Where a line of the listing below includes the word "students", reproduce that line.

[Opening SOURCE MATERIAL section]

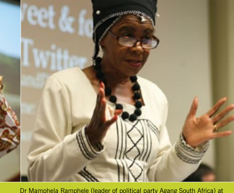
Dr Mamphela Ramphele (leader of political party Agang South Africa) at Commemorating the 1913 Land Act.
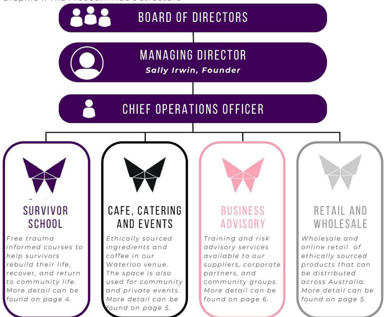
Graphic 1: The Freedom Hub's structure

The Freedom Hub currently employs around 3 full-time staff, 4 part-time staff, and 3 casuals to facilitate operations and has a network of over 30 volunteers across Australia who support our charity fundraising, community engagement, and administration. Despite unique functions, all operating units are considered to be the same reporting entity.
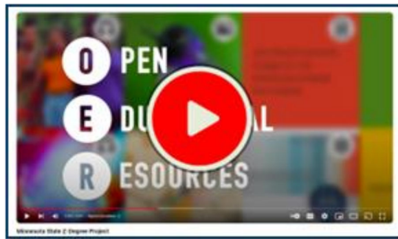
Watch the Z-Degree Video

More information about the student, faculty, and administration perspectives on Z-degrees can be viewed in the Minnesota State Z-degree project video .
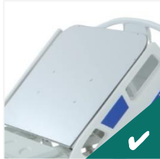
X-Ray Translucent HPL Backrest
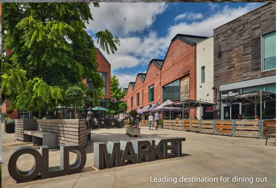
Leading destination for dining out
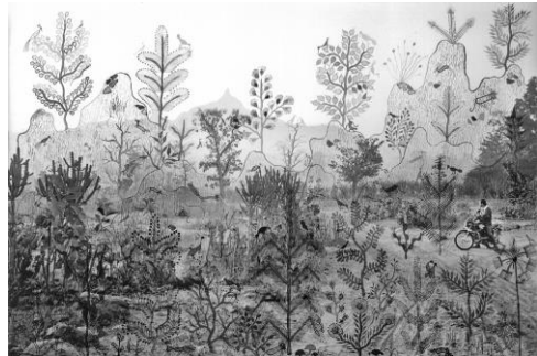
Image 4 Gauri Gill and Rajesh Vangad, Mountains and Trees, 2014, from the series “Fields of Sight”, 2013-ongoing. © Gauri Gill and Rajesh Vangad
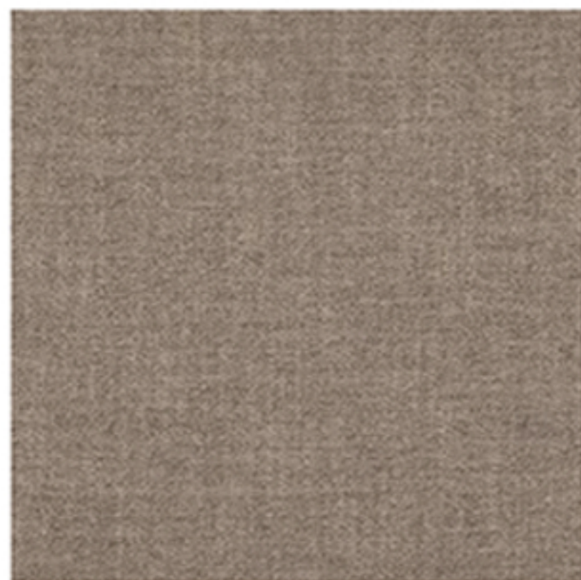
INTERVIEW BEIGE TAUPE Ref : 36910816
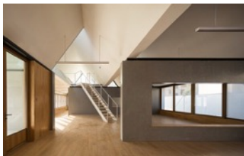
Activity Homes at Yunjin Road. © Liang Shan
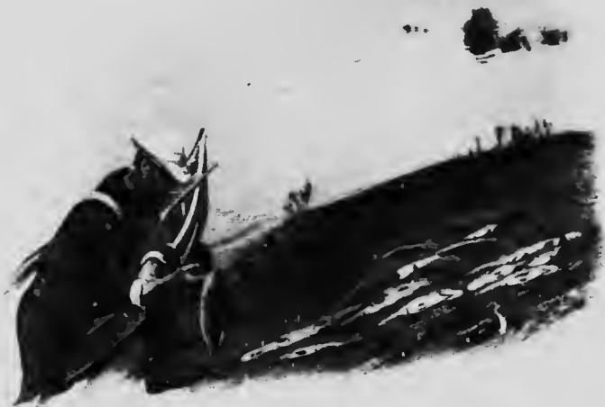
A MORNING'S CATCH.
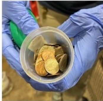
Pictured: Thibodaux, the 36-year-old leucistic American alligator (below) and the coins removed from Thibodaux's stomach (above).
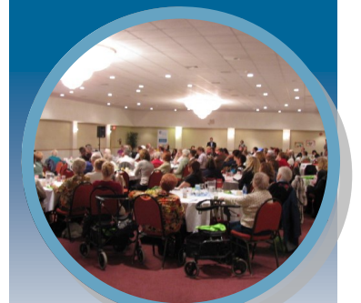
Strength of Seniors Conference 2011
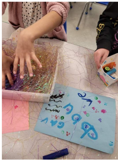
YFNED and FNSB teams play fun literacy activities with gr. 1 students at Johnson Elementary School.

The literacy assessments will be completed again this spring, and results from these assessments will be shared with parents.
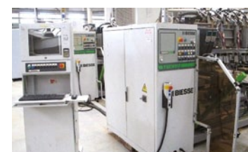
Automatic boring line Brand: BIESSE + RBO Model: TECHNO FDT CN + WINNER
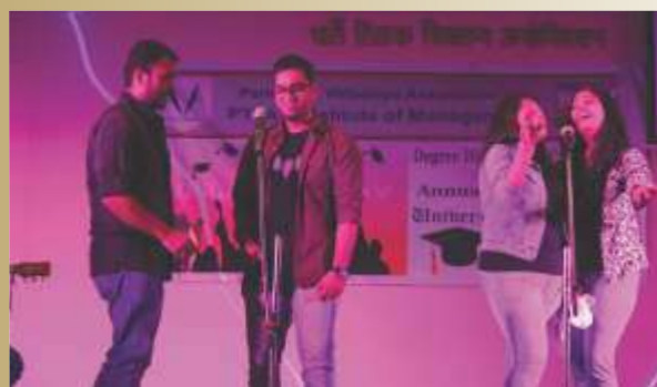
Alumni Meet Function
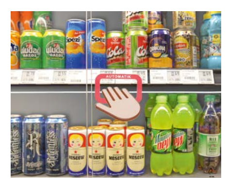
Entirely made of glass for a panoramic view
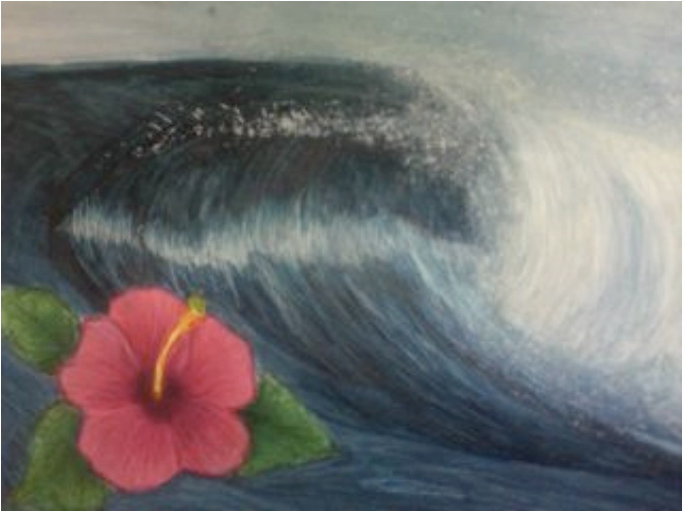
watercolor and pencil -AH.
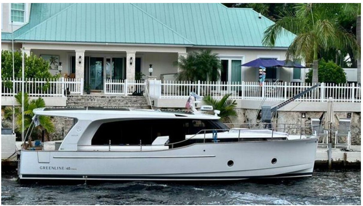
2023 Greenline 40 Hybrid
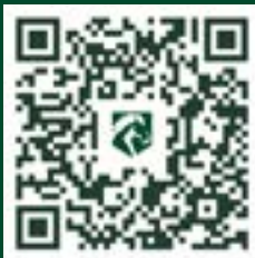
Central Sterile Processing

Pharmacy Technician Pharmacy technicians help pharmacists dispense prescription medication to customers or health professionals. This asynchronous (self-paced) online program prepares students to be professional Pharmacy Technicians dedicated to assisting in quality pharmacy operational procedures. Prerequisite: High School Diploma/High School Equivalency
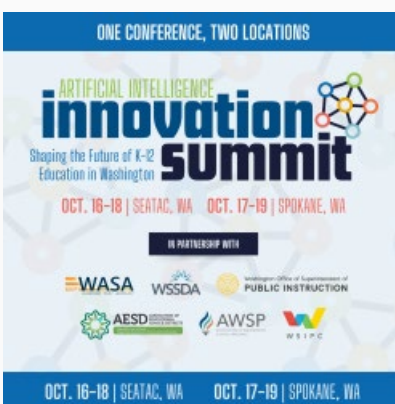
AI Summit East Spokane October 17-19
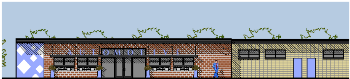
BLDG APP SOUTH ELEVATION
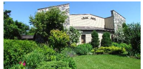
Église chrétienne évangélique (St-Eustache, QC)
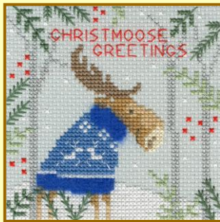
Xmas Moose ref XMAS7 10 x 10cm

[Closing SOURCE MATERIAL section]

**SOLUTION TO THIS PROBLEM:**
YFNED and FNSB teams play fun literacy activities with gr. 1 students at Johnson Elementary School.
Pharmacy Technician Pharmacy technicians help pharmacists dispense prescription medication to customers or health professionals. This asynchronous (self-paced) online program prepares students to be professional Pharmacy Technicians dedicated to assisting in quality pharmacy operational procedures. Prerequisite: High School Diploma/High School Equivalency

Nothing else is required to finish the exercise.